Detection logic: If it’s easy to define in advance what constitutes row- or column-level violations, a system focused on deterministic checks (where the developer manually writes those out) is probably best. If you know an anomaly when you see it (but can’t describe it in advance via deterministic rules), then a system focused on probabilistic detection is likely better. The same is true if the number of key tables requiring checks is so great that manually writing out the logic is infeasible.
Integrations: Your system should integrate with the core systems you already have, including databases, alerting (e.g., PagerDuty), and — if you have one — a data catalog (e.g., SelectStar).
Cost: If you have a small eng team but budget is no barrier, skew towards a third-party solution. If you have a small budget but a large engineering team — and highly unique needs — skew towards a first-party solution built in-house.
Data types: Anomaly detection looks different depending on if the data is structured, semi-structured, or unstructured, so it’s important to know what you’re working with.

When it comes to detecting anomalies in unstructured data (e.g., text, images, video, audio), it’s difficult to calculate meaningful column-level descriptive statistics. Unstructured data is high dimensional — for instance, a small 100x100 pixel image may have 30,000 values (10,000 pixels x three colors). Rather than checking for shifts in image types across 10,000 columns in a database, you can instead translate images into a small number of dimensions and apply column-level checks to those. This dimensionality-reduction process is called embedding the data, and it can be applied to any unstructured data format.

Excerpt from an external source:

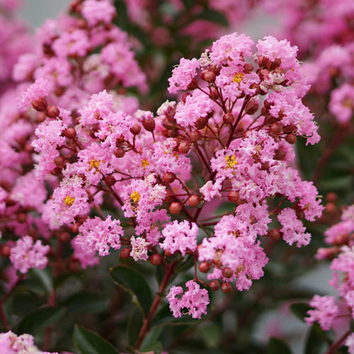 Lagerstroemia indica, or Crepe Myrtles are spectacular deciduous flowering shrubs often seen on the continent. These sun loving beauties can also be grown in the UK, looking wonderfully exotic when in full flower. Some Crepe Myrtles can grow to 8m (25ft) tall, but 'Eveline' is much more compact and is unlikely to grow far beyond 2m (6½ft), the perfect size for a garden border or a large pot, making an incredibly impressive specimen. If you admire the Bougainvillea seen all over the Mediterranean and want something similar that will grow at home, then Crepe Myrtle is ideal. 'Eveline' flowers abundantly from June to September with masses of large, frilly edged, bright pastel pink flowers carried on panicles up to 20cm long bursting open from round pink and green buds, attracting bees and butterflies into your garden to feast on the fabulous blooms. As well as its amazing flower display, Lagerstroemia indica has even more to give. As it matures, it develops beautiful peeling grey and brown bark. Not only that, but the young foliage is tinged with rich bronzy red before maturing to dark green, with large 8cm long leaves, and in autumn it turns to vibrant gold, red and orange before falling. Hardy to below -5°C, it'll need some protection during the coldest winters, and it can be grown in a large pot to make sheltering it easier. Fully deserving its coveted RHS Award of Garden Merit, you can be sure that this is a proven garden performer, guaranteed to be suitable for UK gardeners at every level of experience. You can therefore plant this in the garden with confidence, for a stunning display for many years to come. Supplied as an established plant in a 3L pot, ready to plant. Growing to a height and spread of 2m (6½ft).

Here’s an example we’ve encountered at Opendoor: we receive 100,000 images on Day 1, and 20% are labeled “is_kitchen_image=True” . The next day, we receive 100,000 images and 50% are labeled “is_kitchen_image= False”. That’s possibly correct — but the size of the distributional shift should definitely lead to an anomaly alert!

If your team is focused on unstructured data, consider anomaly detection that has built-in embeddings support.

Automated data catalogs

Automating your data catalog makes data more accessible to developers, analysts, and non-technical teammates, which leads to better, data-driven decision-making. As you build out your data catalog, here are a few key questions to ask:

Table documentation

What does each row represent?
What does each column represent?
Table ownership — when there is a problem with the table, who in the organization do I call?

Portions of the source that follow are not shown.